Probation is the period during which the employer may determine if the employee is qualified
for possible inclusion in the regular force. In the case at bar, the period was for three weeks, during
Honasan’s on-the-job Training. When her services were continued after this training, the petitioners in
effect recognized that she had passed probation and was qualified to be a regular employee. Honasan
was certainly under observation during her three-week on-the-job training. If her services proved
unsatisfactory then, she could have been dropped as early as during that time. But she was not. On the
contrary, her services were continued, presumably because they were acceptable, although she was
formally places this time on probation. Even if it be supposed that the probation did not end with the
three-week period of on-the-job training, there is still no reason why that period should not be included
in the stipulated six-month period of probation. She had become a regular employee of Holiday Inn and
acquired full security of tenure as of October 15, 1991. The consequence is that she could no longer be
summarily separated on the ground invoked by petitioners. As a regular employee, she had acquired the
protection of Article 279 of the Labor Code.

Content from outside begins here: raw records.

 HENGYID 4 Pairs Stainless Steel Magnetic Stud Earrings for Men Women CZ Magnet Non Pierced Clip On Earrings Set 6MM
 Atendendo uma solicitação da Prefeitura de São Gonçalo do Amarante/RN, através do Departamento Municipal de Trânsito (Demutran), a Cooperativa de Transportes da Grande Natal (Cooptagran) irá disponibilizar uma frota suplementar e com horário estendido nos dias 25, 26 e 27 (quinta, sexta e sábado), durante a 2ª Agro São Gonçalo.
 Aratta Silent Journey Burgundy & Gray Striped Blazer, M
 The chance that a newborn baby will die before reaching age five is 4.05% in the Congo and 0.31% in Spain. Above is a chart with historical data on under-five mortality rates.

The hotel’s system of double probation is a transparent scheme to circumvent the plain
mandate of the law and make it easier for it to dismiss its employees even after they shall have already
passed probation. The petitioners had ample time to summarily terminate Honasan’s services during her
period of probation if they were deemed unsatisfactory. Not having done so, they may dismiss her now
only upon proof of any of the legal grounds for the separation of regular employees, to be established
according to the prescribed procedure.
Facts
The respondent filed a complaint for illegal dismissal and damages. The Labor Arbiter rendered a
decision dismissing the claim of illegal dismissal for lack of merit. On appeal, the NLRC reverses the
decision of the Labor Arbiter ruling that respondent was denied of due process by petitioners. Although
respondent was only a probationary employee, the subsequent lapse of her probationary contract of
employment did not have the effect of validly terminating here employment because constructive
dismissal had already been effected earlier by petitioners.
Issue
Ruling
A probationary employee, like a regular employee, enjoys security of tenure. Thus, the services
of an employee who has been engaged on probationary basis may be terminated for any of the
following: (1) a just or (2) an authorized cause; and (3) when he fails to qualify as a regular employee in
accordance with reasonable standards prescribed by the employer.

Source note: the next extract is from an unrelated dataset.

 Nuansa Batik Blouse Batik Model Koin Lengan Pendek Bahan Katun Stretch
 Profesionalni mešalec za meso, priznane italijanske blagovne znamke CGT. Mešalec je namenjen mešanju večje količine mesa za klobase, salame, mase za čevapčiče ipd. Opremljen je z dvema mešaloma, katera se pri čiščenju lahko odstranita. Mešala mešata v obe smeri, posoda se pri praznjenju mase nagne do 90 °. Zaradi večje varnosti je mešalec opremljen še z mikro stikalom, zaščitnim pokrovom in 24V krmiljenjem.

In the instant case, petitioners failed to accord respondent substantive and procedural due
process. The haphazard manners in the investigation of the missing cash, which was left to the
determination of the police authorities and the Prosecutor’s Office, left respondent with no choice but
to cry foul. Administrative investigation was not conducted by petitioner Supermarket. On the same day
that the missing money was reported by respondent to her immediate supervisor, the company already
pre-judged her guilt without proper investigation, and instantly reported her to the police as the
suspected thief, which resulted in her languishing in jail for two weeks. As correctly pointed out by the
NLRC, the due process requirements under the Labor Code are mandatory and may not be supplanted
by police investigation or court proceedings.